The table corresponding to all characters and their numbers is called “coding table”.

Common encoding tables: ASCII encoding, GB2312 encoding (Simplified Chinese), GBK, BIG5 encoding (Traditional Chinese), utf-8 encoding, etc.

ASCII encoding:
Computer At the beginning of its creation, it was popular in the “Western world” or “English-speaking countries”. When you take it apart, the languages, characters, etc. of the Western world are at best 26 English letters plus some symbols, even if the English letters are case-sensitive , And never more than 128. Each character is represented by one byte, which is enough. This encoding method that uses one byte to represent a character is the earliest: ASCII encoding.

Note 1: Byte is a basic unit composed of 8 bits, and the range is: -128—127

Note 2: There is no negative number in the encoding

Note 3: ASCII does not support Chinese.

?

?

?

GBK encoding:
Later, with the popularity of computers, the whole world needs to use For computers to store data, it will not work if you still use ASCII encoding (characters other than the Roman alphabet cannot be stored), and the ASCII encoding stipulates that one byte represents one character. Obviously, it cannot be applied to the entire world (at least Chinese characters are also A few thousand, right). Therefore, all countries have expanded the ASCII code, from the original one byte to represent one character, and the conversion to multiple bytes to represent one character.

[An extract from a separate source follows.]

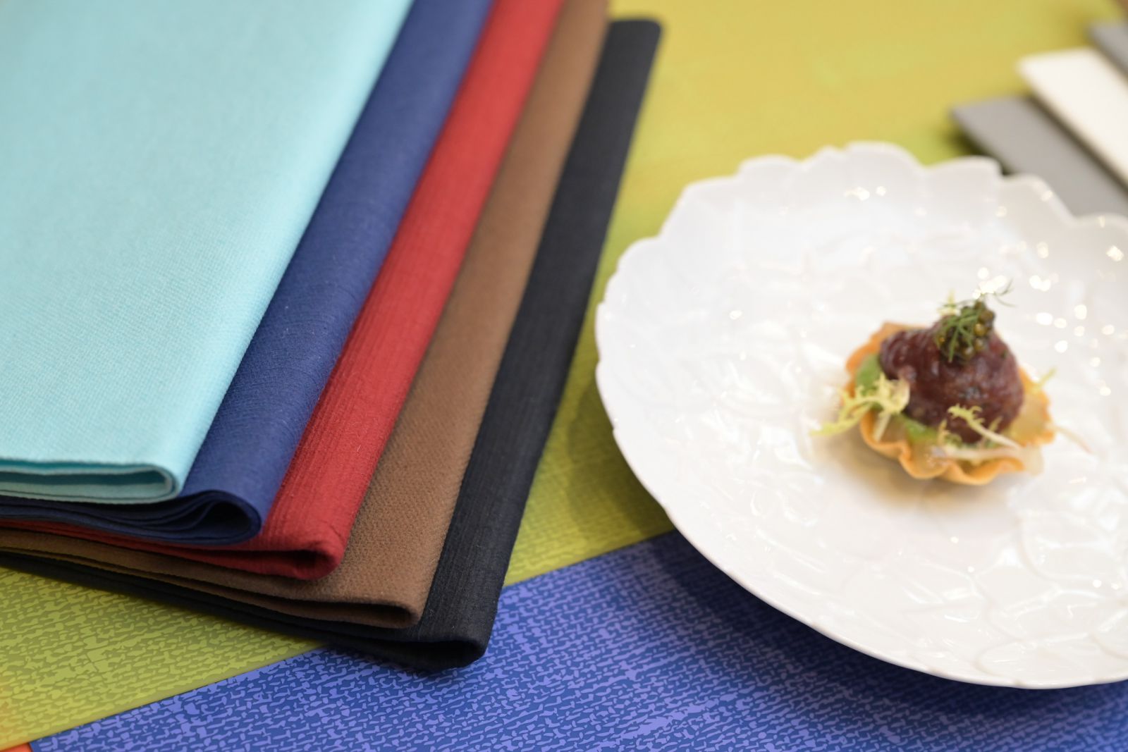 รสชาติของอาหารเมนูพิเศษ ตามแนวทางของ Duni ที่วางคอนเซปต์ชัดเจน คือ Go การใช้งานแบบสะดวกราคาไม่สูง เช่น napkins ที่ใช้ในร้านอาหารแบบทานสบาย ๆ สไตล์คาเฟ่ Joy เน้นความสวยงาม สนุกสนานสร้างอารมณ์และบรรยายกาศที่ดีของงานเลี้ยงในกลุ่มครอบครัวและเพื่อนฝูง และWow เน้นความหรูหรา ให้ความรู้สึก Luxury เหมาะกับ Fine Dining และร้านที่ให้ความสำคัญกับบรรยากาศร้าน และดีไซน์

For example, the two encoding formats of GB2312 and GBK in China are two bytes to represent one character. Of course, the range that can be represented by two bytes is larger, and almost all common Chinese characters can be included.

Note: No matter what the code is, the characters represented in the initial range of 0-127 are completely consistent with the ASCII code.

UTF-8 encoding:
Of course, if all countries in the world use their own encoding, then the communication between countries will be more troublesome. There, because the encoding is different, the analysis is cursing, which is not good. Therefore, in order to solve this problem, an organization called the Unicode Academic Society formulated a set of encoding rules-Unicode encoding. The rule supports more than 650 languages ​​in the world. It is a universal character rule.

UTF-8 is an international encoding table launched according to this rule.

UTF-8 is an international encoding table, which supports Chinese encoding. Chinese generally occupies 3 bytes in the encoding table

Note 1: Unicode encoding is not an encoding table, but an encoding rule. UTF-8 is the encoding table, and UTF-8 is the encoding table specified according to this rule.

Note 2: Chinese in UTF-8 is not all 3 bytes, and it usually takes up 3 characters. Section, some special, very rare words may occupy 6 bytes.

?

Encoding issues:
During development, the so-called “encoding issues” are actually Chinese garbled characters. Why does this problem occur?

We Chinese, generally use Chinese operating systems, and the default encoding format of Chinese operating systems is GBK. Internationally, in order to be understood by the whole world, UTF-8 encoding is generally used. (International websites generally use UTF-8 encoding)

GBK encoding, a Chinese character generally occupies 2 bytes.

UTF-8 encoding, a Chinese character generally occupies 3 bytes.

?

If it is: UTF-8 –> GBK

?

?

?< /p>

?

If it is: GBK –> UTF-8

?

?

Solve the encoding problem :
The emergence of “encoding problem” is nothing more than the encoding error when we parse the Chinese characters given to us by others. If we get GBK, we will use GBK to parse, if we get UTF-8 , Is to use UTF-8 parsing, this will solve it?

So, if you encounter Chinese garbled characters in the string:

1. Rewrite and break up the Chinese garbled string into bytes.

2. Use the String constructor String(byte[]?bytes, String?charsetName) to reorganize the string.

?

For example: ??UTF-8 parsing

?

?

Note: Chinese garbled characters It’s just because we made a mistake in the assembly when we parsed the bytes, which is similar to misplaced when we were playing with building blocks, but the essential bytes have not changed.

Leave a Comment

Your email address will not be published.